Davon ausgehend ist vorauszuschicken, dass die Eingabe des A* vom 5. März 2026 (ON 140) die in § 88 StPO normierten Minimalerfordernisse einer Beschwerde aus folgenden Erwägungen nicht erfüllt:
Gemäß § 88 Abs 1 StPO muss eine Beschwerde den Beschluss, Antrag oder Vorgang, auf den sie sich bezieht, anführen, die Erklärung enthalten, den Beschluss anfechten zu wollen und angeben, worin die Rechtsverletzung besteht ( Tipold, WK-StPO, § 88 Rz 1 f). Auch wenn an die Begründung einer Beschwerde keine hohen Anforderungen zu stellen sind ( Tipold, aaO Rz 3), so lässt die genannte Eingabe in casu keinen Beschwerdewillen, sondern – sowohl der Bezeichnung als auch dem Inhalt nach – (ausschließlich) die Wahrnehmung einer Äußerungsmöglichkeit erkennen. Auch eine Klarstellung durch den Verurteilten, dass dieses Schreiben als Beschwerde gemeint gewesen wäre, ist trotz ihm vom Gericht eingeräumter Gelegenheit nicht erfolgt, zumal die am 18. März 2026 eingebrachte Eingabe gerade nicht auf eine bereits erhobene Beschwerde Bezug nimmt oder eine bereits erfolgte Beschwerdeerhebung klarstellt. Vielmehr geht aus dieser lediglich der Wille hervor, nunmehr, also mit diesem Schreiben, Beschwerde zu erheben („hiermit lege ich fristgerecht Beschwerde gegen den Widerruf des mir gewährten Strafaufschubs gemäß § 39 Abs 4 SMG ein “, ON 142).
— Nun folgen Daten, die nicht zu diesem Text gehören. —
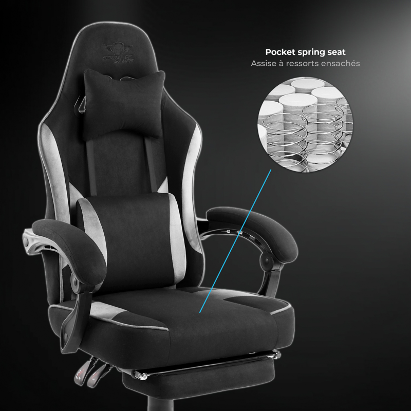 CONFORT DE NIVEAU PRO : L’assise de RAVEN est équipée de ressorts ensachés, une technologie inspirée du mobilier haut de gamme. Elle offre un maintien dynamique et durable, qui épouse vos mouvements tout en évitant la déformation dans le temps. Sa mousse haute densité (28D pour l’assise, 24D pour le dossier) ajoute une touche de moelleux maîtrisé, idéale pour les longues heures de jeu ou de travail.

Zusammenfassend ist daher erst die am 18. März 2026 beim Landesgericht für Strafsachen Wien eingelangte Eingabe (ON 142), nicht aber schon jene vom 5. März 2026 (eingelangt am 11. März 2026, ON 140) als ein einer gerichtlichen Entscheidung zugängliches Rechtsmittel zu werten.
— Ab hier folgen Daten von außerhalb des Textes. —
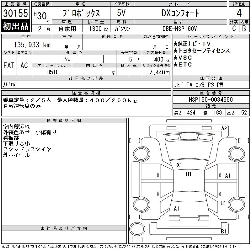 TOYOTA PROBOX 2018 г., лот № 30155

Gemäß § 88 Abs 1 StPO ist – wie auch aus der Rechtsmittelbelehrung des angefochtenen Beschlusses zutreffend hervorgeht (ON 133 S 3) - eine Beschwerde (soweit hier interessierend) binnen 14 Tagen ab Bekanntmachung des Beschlusses, das heißt ab dessen Zustellung, schriftlich oder auf elektronischem Weg bei Gericht einzubringen.
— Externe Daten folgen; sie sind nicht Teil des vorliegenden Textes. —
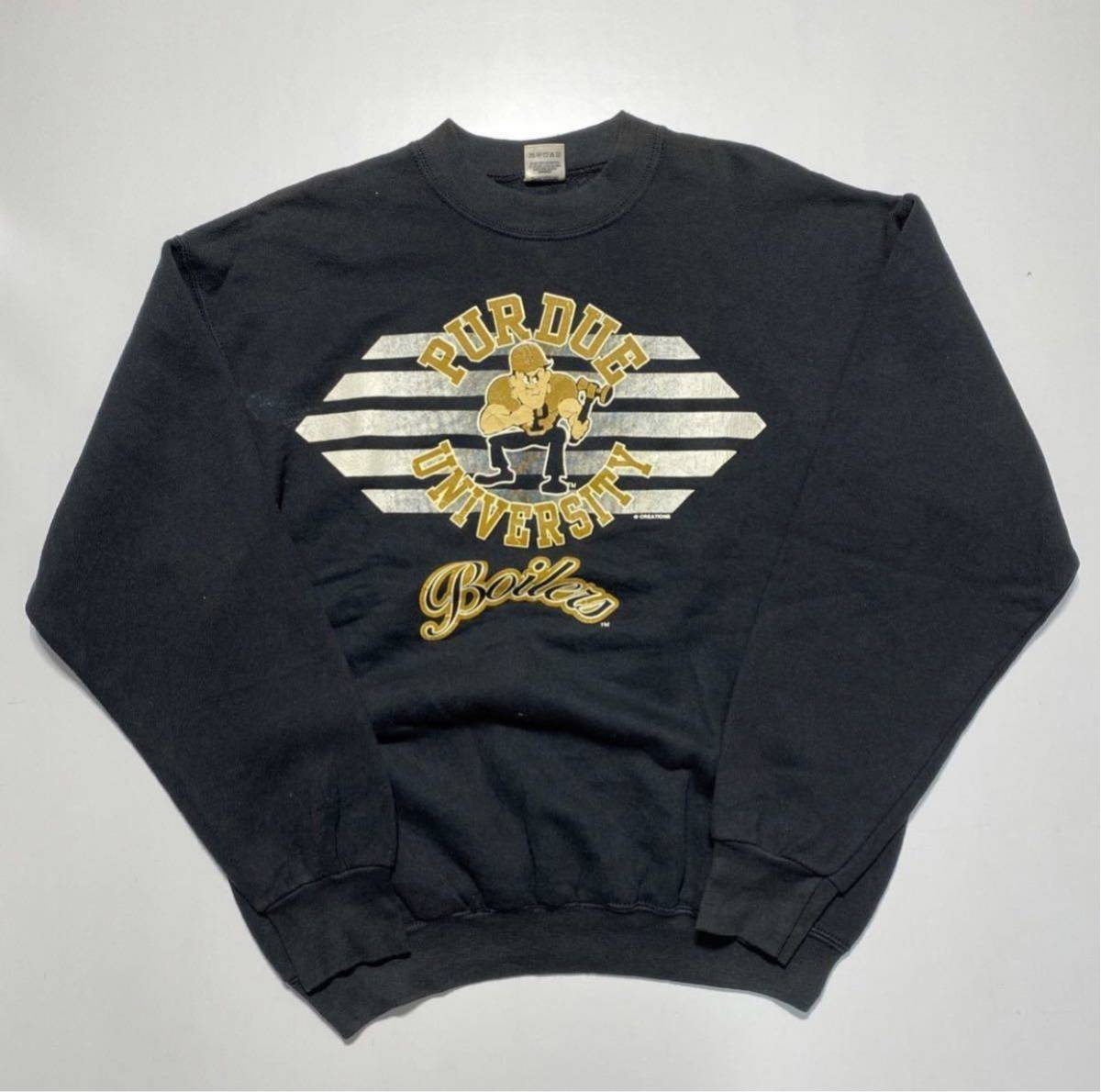 - 【L】90s PURDUE UNIVERSITY Print Sweat 90年代 パデュー大学 プリント スウェット トレーナー フルーツオブザルーム USA製 Y1040

Der bekämpfte Beschluss wurde A* – wie bereits ausgeführt - am 25. Februar 2026 zugestellt (ON 134 S 3), sodass die 14-tägige Beschwerdefrist am 11. März 2026, 24.00 Uhr abgelaufen ist (§ 84 Abs 1 StPO).
Die am 18. März 2026 durch persönliche Übergabe im Service-Center des Landesgerichts für Strafsachen Wien eingebrachte Beschwerde wurde daher jedenfalls nach Ablauf dieser Rechtsmittelfrist und sohin verspätet erhoben, sodass diese als unzulässig zurückzuweisen war.
Bleibt anzumerken, dass der Umstand, dass das Rechtsmittel innerhalb der A* vom Erstgericht gesetzten Frist zur Klarstellung, ob es sich bei der vorhergehenden Eingabe (ON 140) um eine Beschwerde gehandelt hat, eingelangt ist, daran nichts zu ändern vermag, zumal eine solche Klarstellung ja gerade nicht erfolgt ist (siehe dazu bereits die obigen Ausführungen).